Home | Contact | Professional | Work History | Education

Building bridges to inclusive foreign language education through appropriately applied technologies

Presented at FLEAT IV · Fourth Conference on Foreign Language Education and Technology

Rokko Island, Kobe, Japan
29 July - 1 August 2000

Presenter

David R. Wilson

Institution

Harton School, Lisle Road,
South Shields, NE34 6DL
United Kingdom

Abstract

School students with special needs access their full curriculum entitlement best when the learning support provider and the academic subject teacher collaborate in its delivery. The former's experience with dyslexia, sensory impairment and other learning difficulties complements the latter's subject knowledge. Teamwork eases the identification of individual needs and the modification of course content.

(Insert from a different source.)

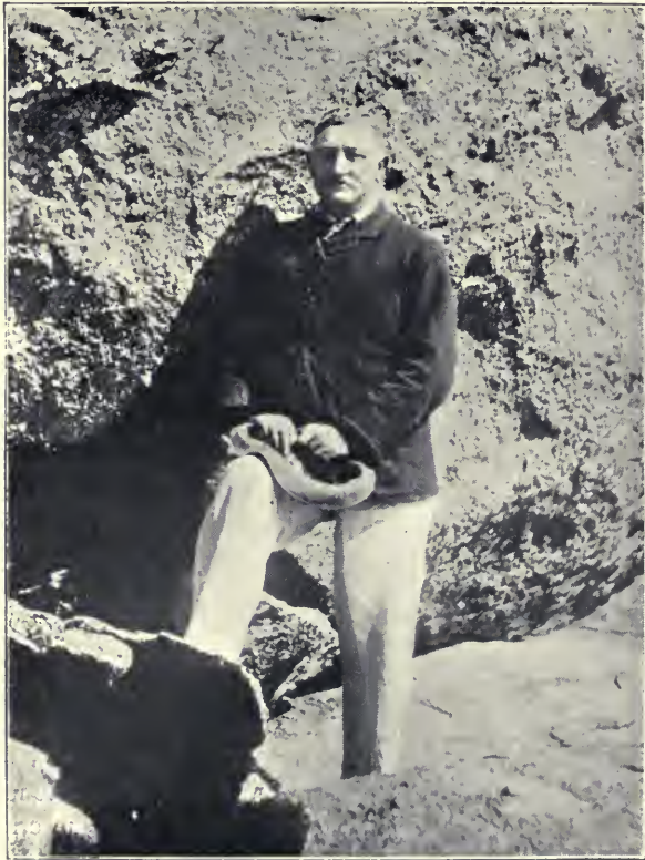
A Portrait of Mr. Rhodes taken in the Matoppos, 1899.

The special educator and the foreign language teacher share a professional interest in human diversity. The former identifies variation among learners and supports them when their individual needs mismatch the demands of an institution or curriculum. The latter initiates the young into a world of difference, where multilingualism is a key to international communication. Both practitioners are versed in the benefits of learning through technology and charged with the development of basic reading and writing skills.

At least one distance remains to be conquered, however. The special educator starts with the individual needs of the particular student, while the foreign language teacher begins with the demands of the subject. These two approaches must be skilfully and sensitively interwoven when a foreign language is introduced to students with special educational needs.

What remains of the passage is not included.